*** RECORDED INFORMATION ***

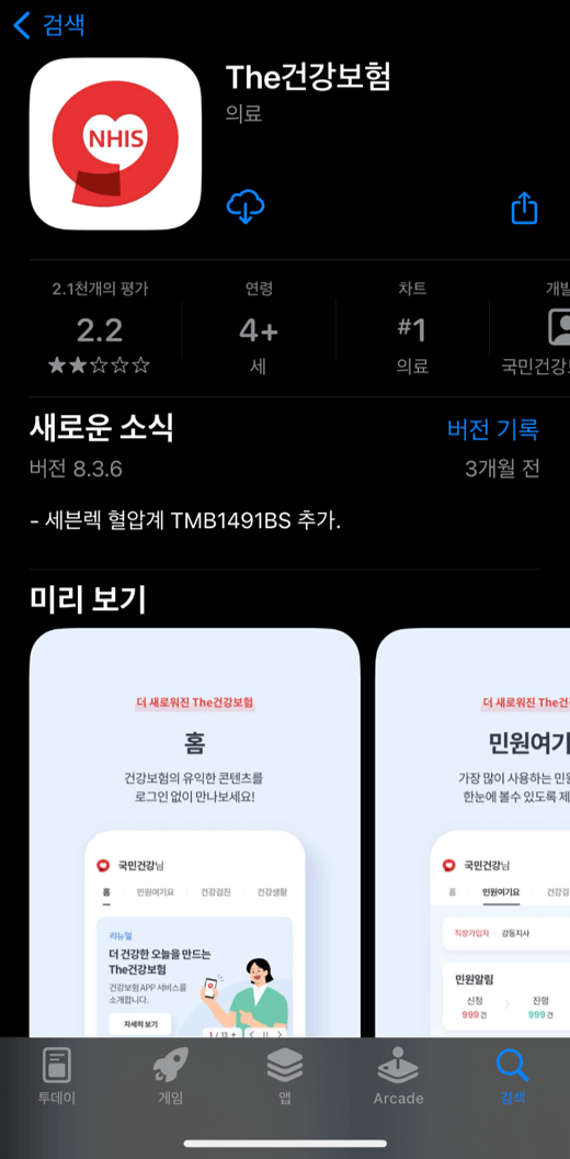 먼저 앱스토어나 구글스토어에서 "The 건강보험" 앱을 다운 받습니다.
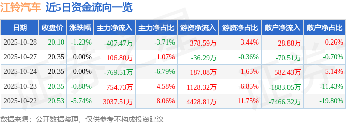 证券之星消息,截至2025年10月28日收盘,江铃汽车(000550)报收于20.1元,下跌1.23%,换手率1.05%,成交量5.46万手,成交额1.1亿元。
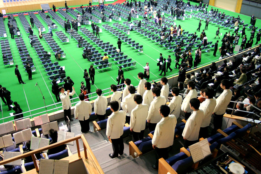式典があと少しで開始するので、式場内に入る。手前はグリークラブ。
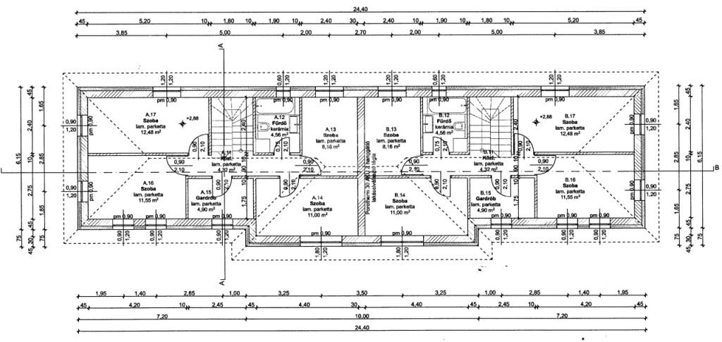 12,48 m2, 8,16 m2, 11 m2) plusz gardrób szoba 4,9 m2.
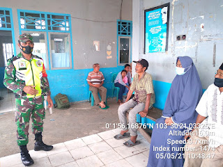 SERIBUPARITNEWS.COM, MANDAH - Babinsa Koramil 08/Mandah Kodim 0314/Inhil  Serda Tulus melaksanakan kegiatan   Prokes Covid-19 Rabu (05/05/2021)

*** End of RECORDED INFORMATION ***
*** RECORDED INFORMATION ***

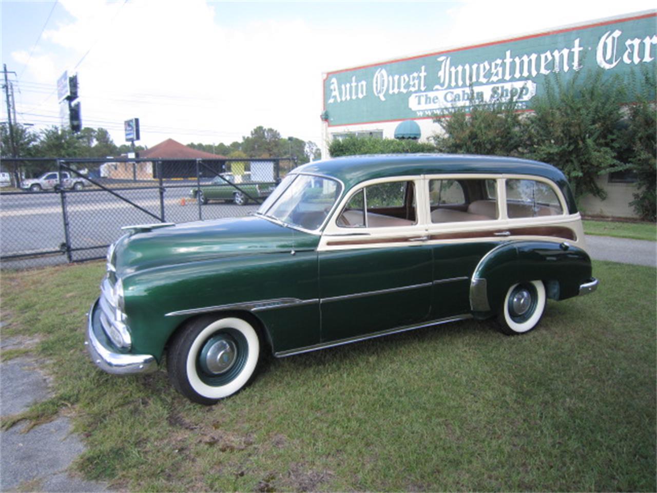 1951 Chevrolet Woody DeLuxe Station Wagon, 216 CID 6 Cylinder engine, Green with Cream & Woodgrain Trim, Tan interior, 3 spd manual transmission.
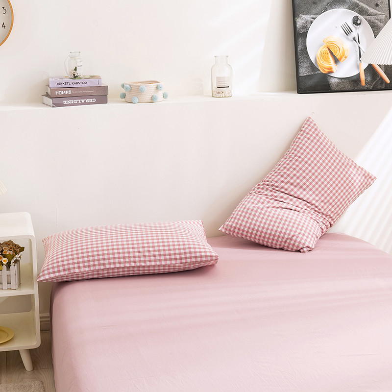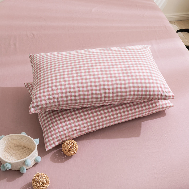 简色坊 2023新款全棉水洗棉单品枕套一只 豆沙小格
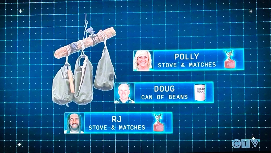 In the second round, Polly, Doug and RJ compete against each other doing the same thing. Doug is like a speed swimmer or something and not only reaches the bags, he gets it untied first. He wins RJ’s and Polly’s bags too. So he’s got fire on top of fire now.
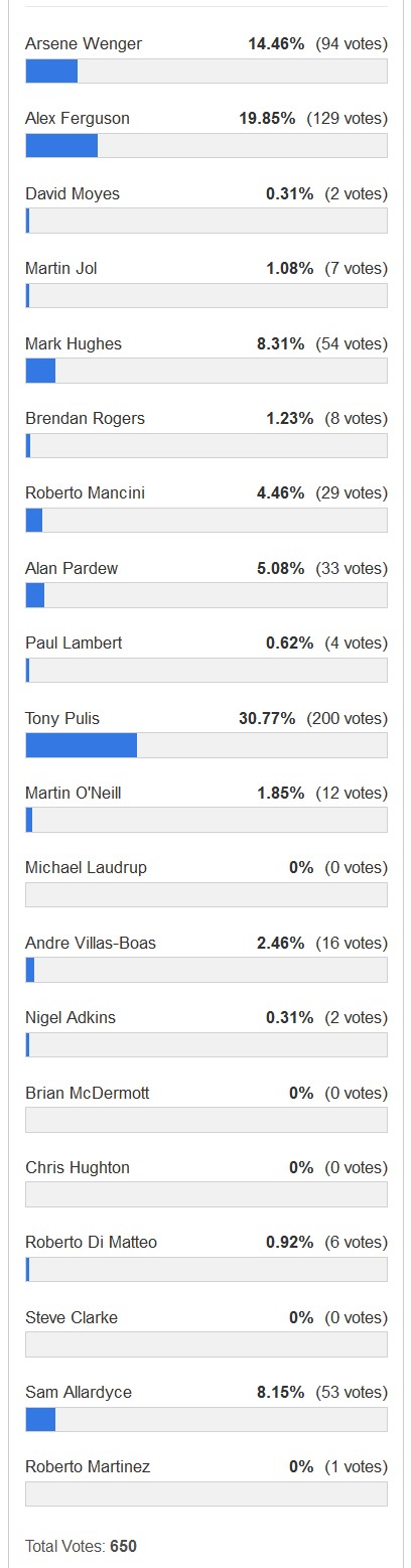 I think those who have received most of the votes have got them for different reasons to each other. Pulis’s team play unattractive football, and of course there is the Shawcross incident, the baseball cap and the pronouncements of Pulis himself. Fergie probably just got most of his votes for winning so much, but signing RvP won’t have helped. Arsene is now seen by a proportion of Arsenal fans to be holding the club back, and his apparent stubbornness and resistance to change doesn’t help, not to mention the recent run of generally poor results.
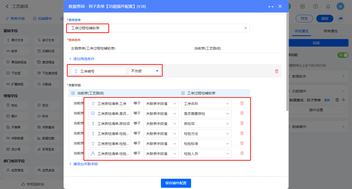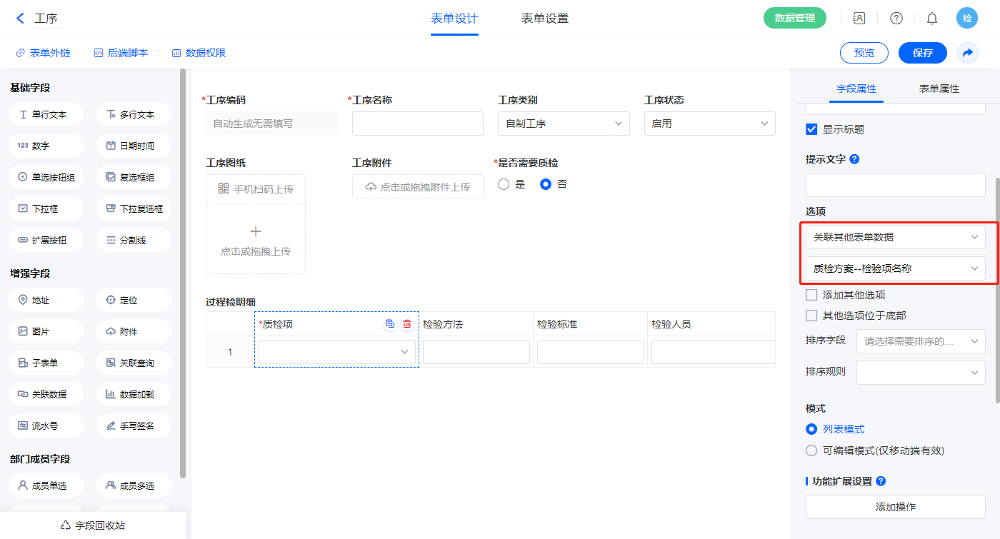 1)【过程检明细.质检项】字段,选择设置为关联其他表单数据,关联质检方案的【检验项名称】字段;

*** End of RECORDED INFORMATION ***

■ **WHAT IS EXPECTED**: Look above for the line with "式典があと少しで開始するので、式場内に入る。手前はグリークラブ。", then print it and each line after it down to and including the line with "SERIBUPARITNEWS.COM, MANDAH - Babinsa". Leave out the pictures and keep the wording exact.

■ **EXERCISE ANSWER**:
式典があと少しで開始するので、式場内に入る。手前はグリークラブ。
 12,48 m2, 8,16 m2, 11 m2) plusz gardrób szoba 4,9 m2.
 SERIBUPARITNEWS.COM, MANDAH - Babinsa Koramil 08/Mandah Kodim 0314/Inhil  Serda Tulus melaksanakan kegiatan   Prokes Covid-19 Rabu (05/05/2021)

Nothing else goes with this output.